— Required work —
Please set down exactly the lines of the listing below from the line containing "- Класичний інтер'єр." through the line containing "若您的系統在上線前就已有產品", both lines included, leaving out all other lines.

— Data to examine —

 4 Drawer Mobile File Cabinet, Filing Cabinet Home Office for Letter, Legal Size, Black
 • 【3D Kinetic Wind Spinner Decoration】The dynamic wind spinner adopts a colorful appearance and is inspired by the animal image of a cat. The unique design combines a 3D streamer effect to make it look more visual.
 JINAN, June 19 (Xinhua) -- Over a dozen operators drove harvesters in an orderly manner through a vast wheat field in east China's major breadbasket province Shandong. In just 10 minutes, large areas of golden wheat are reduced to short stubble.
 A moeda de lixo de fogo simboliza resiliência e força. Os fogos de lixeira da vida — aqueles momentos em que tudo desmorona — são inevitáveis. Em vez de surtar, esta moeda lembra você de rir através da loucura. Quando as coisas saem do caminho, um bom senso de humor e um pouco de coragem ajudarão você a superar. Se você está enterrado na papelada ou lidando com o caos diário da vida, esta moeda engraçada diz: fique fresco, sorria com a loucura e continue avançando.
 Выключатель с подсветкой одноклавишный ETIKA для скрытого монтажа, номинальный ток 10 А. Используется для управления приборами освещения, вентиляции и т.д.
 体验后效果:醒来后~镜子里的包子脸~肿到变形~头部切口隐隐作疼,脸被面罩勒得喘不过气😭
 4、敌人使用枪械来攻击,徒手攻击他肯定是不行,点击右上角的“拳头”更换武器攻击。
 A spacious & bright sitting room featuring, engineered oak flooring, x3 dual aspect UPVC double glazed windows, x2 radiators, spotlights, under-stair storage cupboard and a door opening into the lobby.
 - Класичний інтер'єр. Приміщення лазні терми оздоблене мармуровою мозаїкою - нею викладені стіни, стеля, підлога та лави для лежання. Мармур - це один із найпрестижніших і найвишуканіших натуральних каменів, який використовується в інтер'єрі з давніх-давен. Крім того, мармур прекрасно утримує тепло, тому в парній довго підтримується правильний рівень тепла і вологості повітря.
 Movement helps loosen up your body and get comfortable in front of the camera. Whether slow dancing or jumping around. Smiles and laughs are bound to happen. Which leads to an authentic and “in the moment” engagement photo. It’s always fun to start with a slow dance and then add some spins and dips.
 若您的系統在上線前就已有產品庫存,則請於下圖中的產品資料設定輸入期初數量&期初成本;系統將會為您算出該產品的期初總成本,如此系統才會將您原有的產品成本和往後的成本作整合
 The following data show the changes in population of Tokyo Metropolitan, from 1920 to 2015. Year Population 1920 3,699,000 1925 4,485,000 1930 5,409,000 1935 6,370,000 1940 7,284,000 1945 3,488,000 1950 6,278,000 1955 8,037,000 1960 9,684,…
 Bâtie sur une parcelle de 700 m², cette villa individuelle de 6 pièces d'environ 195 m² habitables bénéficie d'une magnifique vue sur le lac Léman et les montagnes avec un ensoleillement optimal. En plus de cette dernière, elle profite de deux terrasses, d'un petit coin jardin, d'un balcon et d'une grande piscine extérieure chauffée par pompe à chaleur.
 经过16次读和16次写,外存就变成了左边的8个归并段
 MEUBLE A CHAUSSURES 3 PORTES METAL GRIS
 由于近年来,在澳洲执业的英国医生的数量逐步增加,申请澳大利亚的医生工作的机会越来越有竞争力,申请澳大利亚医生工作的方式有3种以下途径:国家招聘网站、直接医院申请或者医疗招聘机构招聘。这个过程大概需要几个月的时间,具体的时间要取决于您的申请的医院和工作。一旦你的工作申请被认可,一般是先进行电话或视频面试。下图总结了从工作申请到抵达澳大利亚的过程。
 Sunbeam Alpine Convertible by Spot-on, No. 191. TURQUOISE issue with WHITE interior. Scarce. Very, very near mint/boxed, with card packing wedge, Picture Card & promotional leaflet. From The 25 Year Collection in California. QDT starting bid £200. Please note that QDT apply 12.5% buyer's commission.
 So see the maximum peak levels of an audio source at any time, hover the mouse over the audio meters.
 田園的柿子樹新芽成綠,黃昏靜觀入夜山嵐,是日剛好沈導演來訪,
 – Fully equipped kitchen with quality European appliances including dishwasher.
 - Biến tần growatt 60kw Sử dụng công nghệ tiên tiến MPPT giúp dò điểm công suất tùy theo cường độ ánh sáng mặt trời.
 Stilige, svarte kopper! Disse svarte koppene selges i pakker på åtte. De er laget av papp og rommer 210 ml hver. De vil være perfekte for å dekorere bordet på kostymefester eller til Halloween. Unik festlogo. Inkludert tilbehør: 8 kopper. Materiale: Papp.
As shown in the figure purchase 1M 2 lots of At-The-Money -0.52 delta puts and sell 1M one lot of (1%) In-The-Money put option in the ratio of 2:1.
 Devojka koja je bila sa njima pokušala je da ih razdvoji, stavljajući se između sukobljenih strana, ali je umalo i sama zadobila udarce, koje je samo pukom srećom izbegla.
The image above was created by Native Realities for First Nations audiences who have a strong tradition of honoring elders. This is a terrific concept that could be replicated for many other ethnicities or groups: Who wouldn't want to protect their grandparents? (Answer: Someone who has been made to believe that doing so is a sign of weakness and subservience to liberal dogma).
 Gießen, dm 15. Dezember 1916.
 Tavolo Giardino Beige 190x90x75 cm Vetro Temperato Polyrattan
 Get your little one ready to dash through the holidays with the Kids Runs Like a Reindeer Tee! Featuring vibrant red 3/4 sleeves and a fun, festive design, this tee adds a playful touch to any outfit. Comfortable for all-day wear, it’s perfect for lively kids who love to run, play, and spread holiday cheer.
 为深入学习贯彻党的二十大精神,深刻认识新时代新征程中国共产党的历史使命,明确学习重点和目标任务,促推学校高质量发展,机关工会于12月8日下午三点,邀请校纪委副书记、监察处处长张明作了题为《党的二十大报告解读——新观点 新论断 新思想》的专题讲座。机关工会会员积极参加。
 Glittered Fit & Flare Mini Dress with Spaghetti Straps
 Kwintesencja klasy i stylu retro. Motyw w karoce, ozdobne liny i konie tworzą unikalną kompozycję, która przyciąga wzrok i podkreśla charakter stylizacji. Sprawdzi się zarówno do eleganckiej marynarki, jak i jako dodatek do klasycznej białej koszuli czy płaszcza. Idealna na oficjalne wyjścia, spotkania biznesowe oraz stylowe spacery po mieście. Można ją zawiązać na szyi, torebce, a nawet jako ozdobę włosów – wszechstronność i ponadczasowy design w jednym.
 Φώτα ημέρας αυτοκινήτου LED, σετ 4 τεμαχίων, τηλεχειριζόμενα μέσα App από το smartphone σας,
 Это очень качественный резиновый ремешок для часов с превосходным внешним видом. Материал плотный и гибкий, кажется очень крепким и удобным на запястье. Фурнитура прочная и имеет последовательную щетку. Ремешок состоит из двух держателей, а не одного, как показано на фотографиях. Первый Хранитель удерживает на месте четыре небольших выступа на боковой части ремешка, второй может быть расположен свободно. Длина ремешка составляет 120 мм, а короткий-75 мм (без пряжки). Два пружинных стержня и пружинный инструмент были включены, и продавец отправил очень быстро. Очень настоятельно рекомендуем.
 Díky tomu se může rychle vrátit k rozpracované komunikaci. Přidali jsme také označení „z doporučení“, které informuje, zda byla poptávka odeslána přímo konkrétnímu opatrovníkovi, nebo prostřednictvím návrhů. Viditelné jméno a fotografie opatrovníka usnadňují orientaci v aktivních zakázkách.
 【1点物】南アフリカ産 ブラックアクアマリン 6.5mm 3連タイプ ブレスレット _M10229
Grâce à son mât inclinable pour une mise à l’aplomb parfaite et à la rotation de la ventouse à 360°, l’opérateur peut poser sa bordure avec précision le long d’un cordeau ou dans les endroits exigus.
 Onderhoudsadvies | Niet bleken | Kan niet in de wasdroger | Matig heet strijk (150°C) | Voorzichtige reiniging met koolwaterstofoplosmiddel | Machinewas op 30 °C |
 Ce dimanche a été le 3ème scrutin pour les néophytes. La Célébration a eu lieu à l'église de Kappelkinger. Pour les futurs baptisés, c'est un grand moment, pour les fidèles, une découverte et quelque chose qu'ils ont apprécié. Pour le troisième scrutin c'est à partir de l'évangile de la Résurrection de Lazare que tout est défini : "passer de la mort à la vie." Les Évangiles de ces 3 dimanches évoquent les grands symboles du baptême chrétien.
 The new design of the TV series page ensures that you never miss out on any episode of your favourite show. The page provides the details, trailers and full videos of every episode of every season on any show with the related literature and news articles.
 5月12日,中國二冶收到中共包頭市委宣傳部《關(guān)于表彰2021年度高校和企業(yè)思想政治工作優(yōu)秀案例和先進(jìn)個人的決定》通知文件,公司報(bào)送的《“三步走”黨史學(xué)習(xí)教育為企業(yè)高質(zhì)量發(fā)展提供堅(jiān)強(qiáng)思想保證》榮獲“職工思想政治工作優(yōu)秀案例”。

— Answer to this problem —
 - Класичний інтер'єр. Приміщення лазні терми оздоблене мармуровою мозаїкою - нею викладені стіни, стеля, підлога та лави для лежання. Мармур - це один із найпрестижніших і найвишуканіших натуральних каменів, який використовується в інтер'єрі з давніх-давен. Крім того, мармур прекрасно утримує тепло, тому в парній довго підтримується правильний рівень тепла і вологості повітря.
 Movement helps loosen up your body and get comfortable in front of the camera. Whether slow dancing or jumping around. Smiles and laughs are bound to happen. Which leads to an authentic and “in the moment” engagement photo. It’s always fun to start with a slow dance and then add some spins and dips.
 若您的系統在上線前就已有產品庫存,則請於下圖中的產品資料設定輸入期初數量&期初成本;系統將會為您算出該產品的期初總成本,如此系統才會將您原有的產品成本和往後的成本作整合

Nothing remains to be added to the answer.